▸ What you are asked to do
What is needed is an exact copy of the lines in the listing below, from the one with "تأمين المنشآت النفطية" up to and including the one with "El incunable original", with no other lines.

***** Available records *****

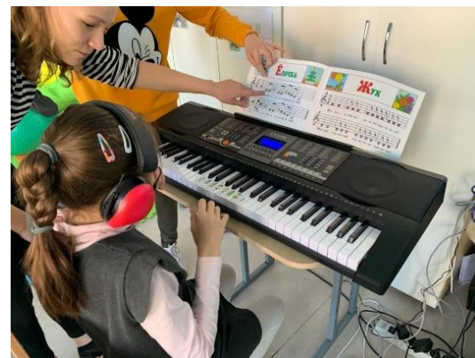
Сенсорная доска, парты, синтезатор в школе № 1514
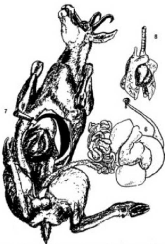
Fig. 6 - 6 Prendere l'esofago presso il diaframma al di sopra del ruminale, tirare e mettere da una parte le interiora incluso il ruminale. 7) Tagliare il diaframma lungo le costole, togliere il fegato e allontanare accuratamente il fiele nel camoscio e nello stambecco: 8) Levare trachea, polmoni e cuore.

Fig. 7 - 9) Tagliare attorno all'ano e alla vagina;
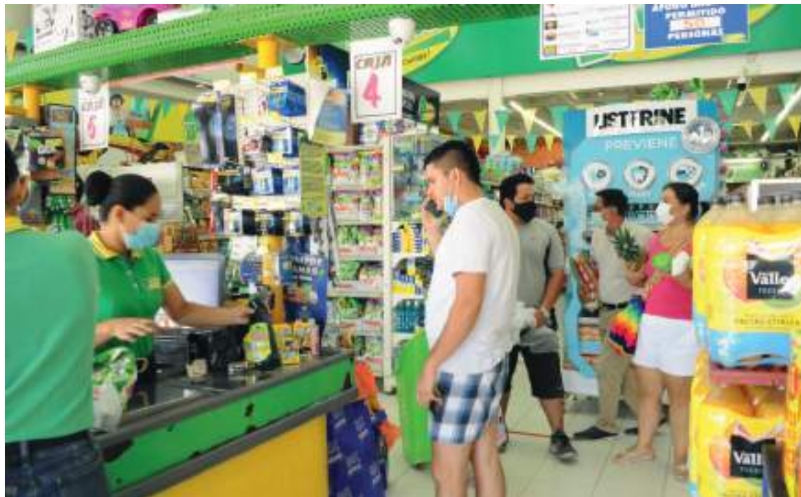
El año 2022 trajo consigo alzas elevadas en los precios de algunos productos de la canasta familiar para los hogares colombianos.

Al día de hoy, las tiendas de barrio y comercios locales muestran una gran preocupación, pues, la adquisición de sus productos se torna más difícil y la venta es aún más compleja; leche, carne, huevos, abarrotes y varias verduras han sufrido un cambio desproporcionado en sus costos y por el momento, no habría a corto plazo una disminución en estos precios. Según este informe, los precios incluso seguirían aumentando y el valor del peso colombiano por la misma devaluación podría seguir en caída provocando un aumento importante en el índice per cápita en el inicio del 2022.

*****
***** Available records *****

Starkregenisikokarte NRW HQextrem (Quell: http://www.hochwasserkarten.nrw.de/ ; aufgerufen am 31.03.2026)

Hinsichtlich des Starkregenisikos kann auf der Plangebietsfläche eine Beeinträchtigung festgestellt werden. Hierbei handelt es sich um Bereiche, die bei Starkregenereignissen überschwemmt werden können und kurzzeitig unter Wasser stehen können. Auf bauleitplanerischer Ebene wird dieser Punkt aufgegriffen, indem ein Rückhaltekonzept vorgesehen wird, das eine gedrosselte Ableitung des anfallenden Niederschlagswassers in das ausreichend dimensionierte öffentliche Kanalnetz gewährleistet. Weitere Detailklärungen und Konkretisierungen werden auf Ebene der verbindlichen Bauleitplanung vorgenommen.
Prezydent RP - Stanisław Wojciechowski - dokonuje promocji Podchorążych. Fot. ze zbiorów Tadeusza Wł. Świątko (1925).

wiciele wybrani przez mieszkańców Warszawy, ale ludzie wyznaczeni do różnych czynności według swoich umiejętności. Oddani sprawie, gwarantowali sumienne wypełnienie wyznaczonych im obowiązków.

*****
***** Available records *****

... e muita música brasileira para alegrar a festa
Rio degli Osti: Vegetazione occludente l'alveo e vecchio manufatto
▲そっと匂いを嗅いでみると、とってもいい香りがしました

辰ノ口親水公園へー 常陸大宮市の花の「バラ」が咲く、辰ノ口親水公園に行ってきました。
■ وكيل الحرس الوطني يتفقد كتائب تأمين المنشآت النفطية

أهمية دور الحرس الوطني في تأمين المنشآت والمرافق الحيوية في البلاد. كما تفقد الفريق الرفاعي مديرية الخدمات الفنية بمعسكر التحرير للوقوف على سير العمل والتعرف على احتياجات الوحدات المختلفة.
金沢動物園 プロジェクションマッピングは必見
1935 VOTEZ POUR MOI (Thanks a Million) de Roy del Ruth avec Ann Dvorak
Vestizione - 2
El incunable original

*****

▸ Output of the exercise
■ وكيل الحرس الوطني يتفقد كتائب تأمين المنشآت النفطية

أهمية دور الحرس الوطني في تأمين المنشآت والمرافق الحيوية في البلاد. كما تفقد الفريق الرفاعي مديرية الخدمات الفنية بمعسكر التحرير للوقوف على سير العمل والتعرف على احتياجات الوحدات المختلفة.
金沢動物園 プロジェクションマッピングは必見
1935 VOTEZ POUR MOI (Thanks a Million) de Roy del Ruth avec Ann Dvorak
Vestizione - 2
El incunable original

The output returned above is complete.